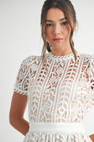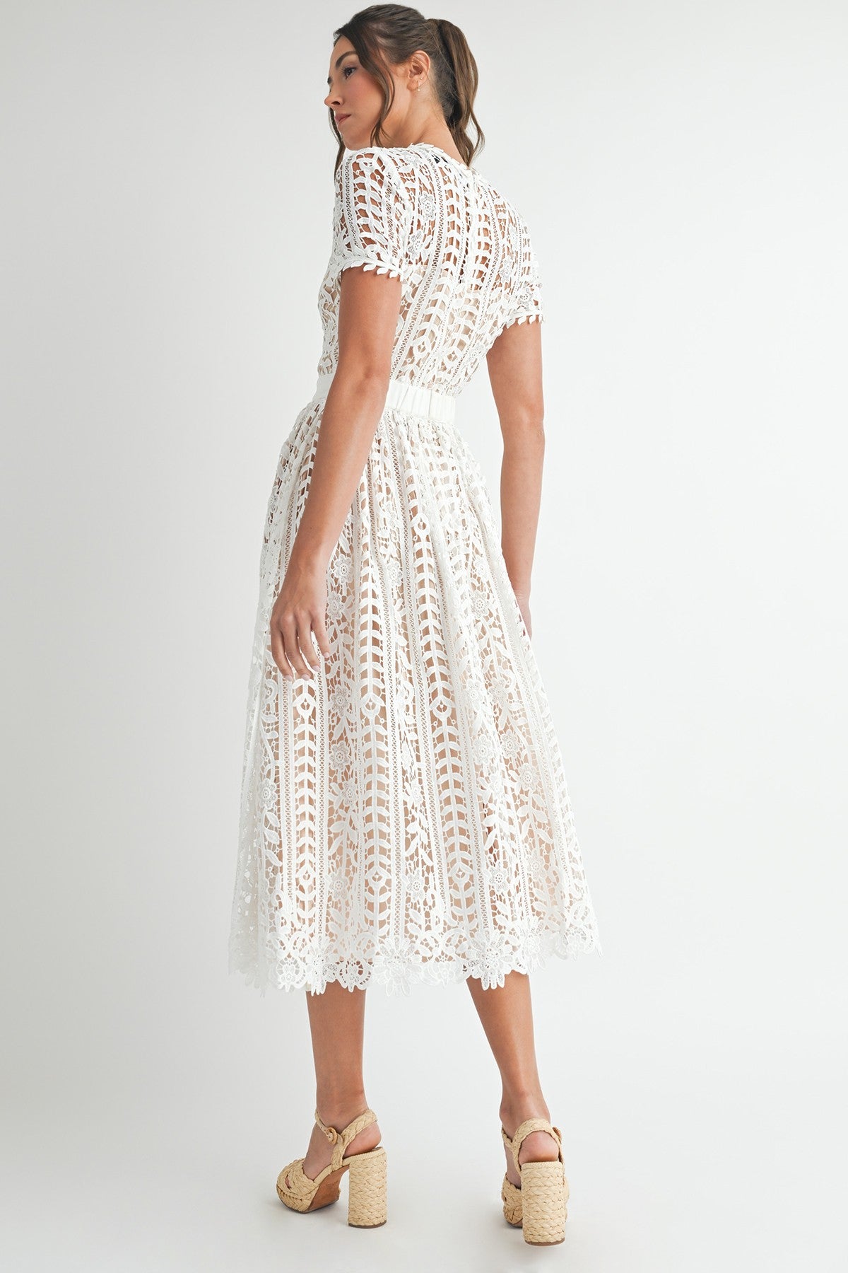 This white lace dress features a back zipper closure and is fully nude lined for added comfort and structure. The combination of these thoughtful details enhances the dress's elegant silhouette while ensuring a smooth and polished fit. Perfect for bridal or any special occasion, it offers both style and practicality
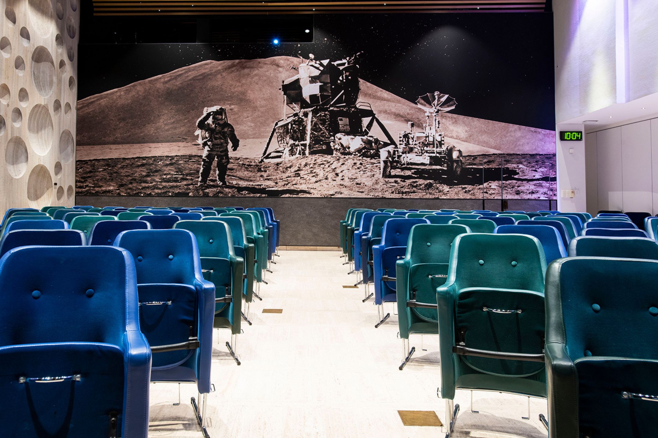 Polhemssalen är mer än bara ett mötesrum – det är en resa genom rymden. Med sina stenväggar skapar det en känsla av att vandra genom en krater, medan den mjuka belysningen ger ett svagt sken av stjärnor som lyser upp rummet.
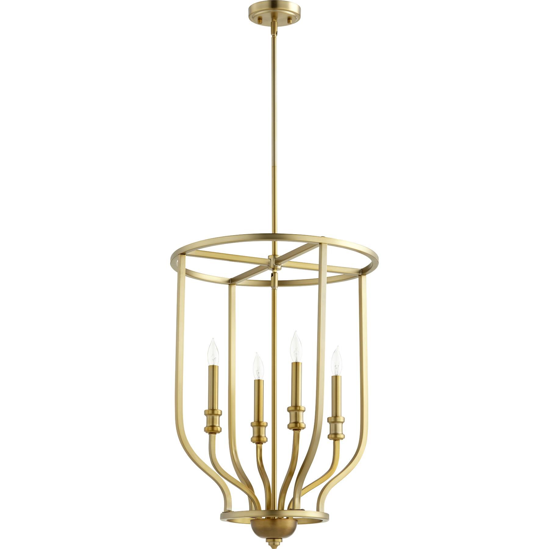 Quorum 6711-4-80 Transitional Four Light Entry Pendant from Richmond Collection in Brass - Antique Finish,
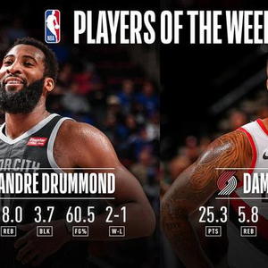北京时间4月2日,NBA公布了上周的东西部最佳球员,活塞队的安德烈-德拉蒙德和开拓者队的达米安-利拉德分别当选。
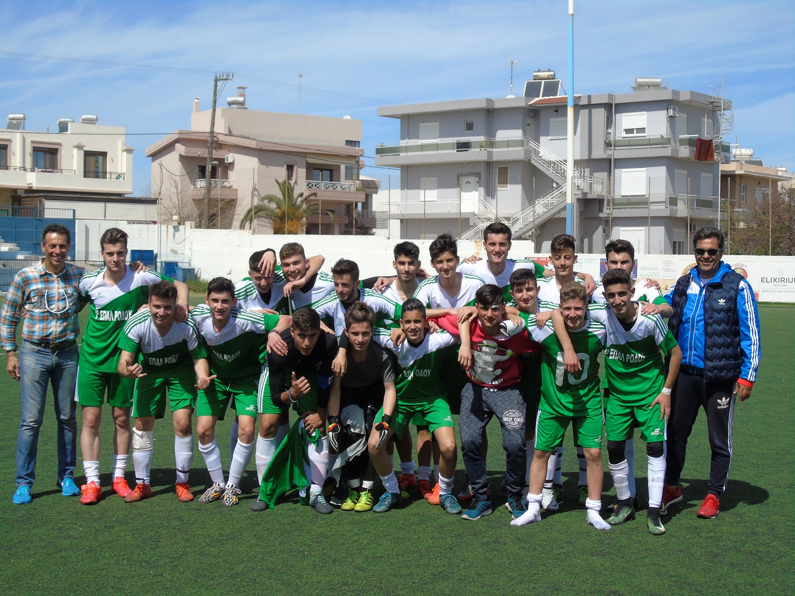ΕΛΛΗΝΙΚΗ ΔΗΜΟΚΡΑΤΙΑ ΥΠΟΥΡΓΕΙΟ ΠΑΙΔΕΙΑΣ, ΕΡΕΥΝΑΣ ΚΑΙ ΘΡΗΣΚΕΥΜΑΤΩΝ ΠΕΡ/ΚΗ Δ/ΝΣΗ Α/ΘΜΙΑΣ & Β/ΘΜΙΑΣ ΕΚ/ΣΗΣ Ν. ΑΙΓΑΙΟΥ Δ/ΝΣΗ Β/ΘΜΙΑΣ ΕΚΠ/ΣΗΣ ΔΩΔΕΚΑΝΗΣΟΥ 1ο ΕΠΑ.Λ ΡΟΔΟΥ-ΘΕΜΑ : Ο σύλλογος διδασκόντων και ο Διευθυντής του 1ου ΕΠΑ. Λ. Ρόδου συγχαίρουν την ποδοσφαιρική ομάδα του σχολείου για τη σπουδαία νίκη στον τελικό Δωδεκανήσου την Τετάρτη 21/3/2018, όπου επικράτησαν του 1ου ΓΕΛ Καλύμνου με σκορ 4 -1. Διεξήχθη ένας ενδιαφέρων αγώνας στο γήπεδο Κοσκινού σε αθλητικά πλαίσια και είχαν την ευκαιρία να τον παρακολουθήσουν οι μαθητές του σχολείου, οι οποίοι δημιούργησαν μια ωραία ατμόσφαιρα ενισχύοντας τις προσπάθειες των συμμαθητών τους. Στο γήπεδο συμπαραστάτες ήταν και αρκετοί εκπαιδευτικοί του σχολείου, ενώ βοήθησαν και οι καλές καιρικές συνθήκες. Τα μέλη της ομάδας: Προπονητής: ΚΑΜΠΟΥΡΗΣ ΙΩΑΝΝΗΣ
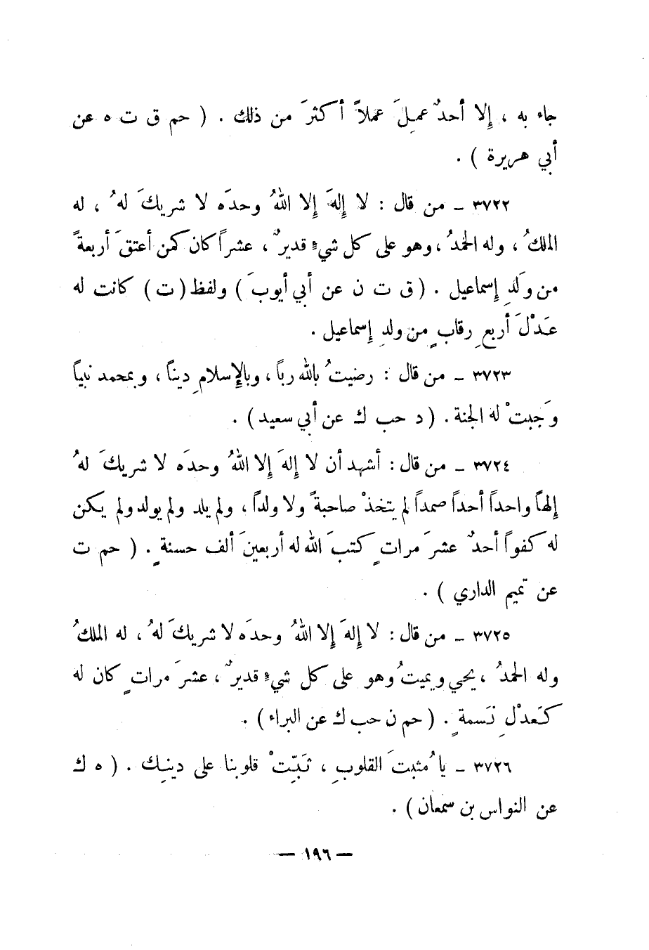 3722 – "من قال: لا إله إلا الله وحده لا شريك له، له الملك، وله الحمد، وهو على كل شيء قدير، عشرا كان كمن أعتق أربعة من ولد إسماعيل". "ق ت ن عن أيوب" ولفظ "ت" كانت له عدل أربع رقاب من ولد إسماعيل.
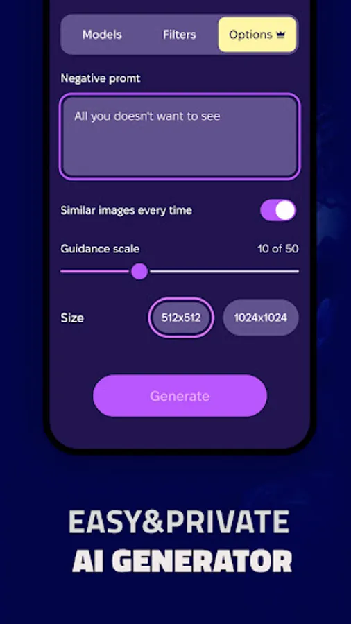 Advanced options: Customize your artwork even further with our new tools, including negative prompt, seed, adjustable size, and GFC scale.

# # #

#### Task instructions
What you write must match the listing exactly, from the line with "Quorum 6711-4-80 Transitional" up to and including the line with "北京时间4月2日,NBA公布". Pictures stay out.

#### Output for this task
 Quorum 6711-4-80 Transitional Four Light Entry Pendant from Richmond Collection in Brass - Antique Finish,
北京时间4月2日,NBA公布了上周的东西部最佳球员,活塞队的安德烈-德拉蒙德和开拓者队的达米安-利拉德分别当选。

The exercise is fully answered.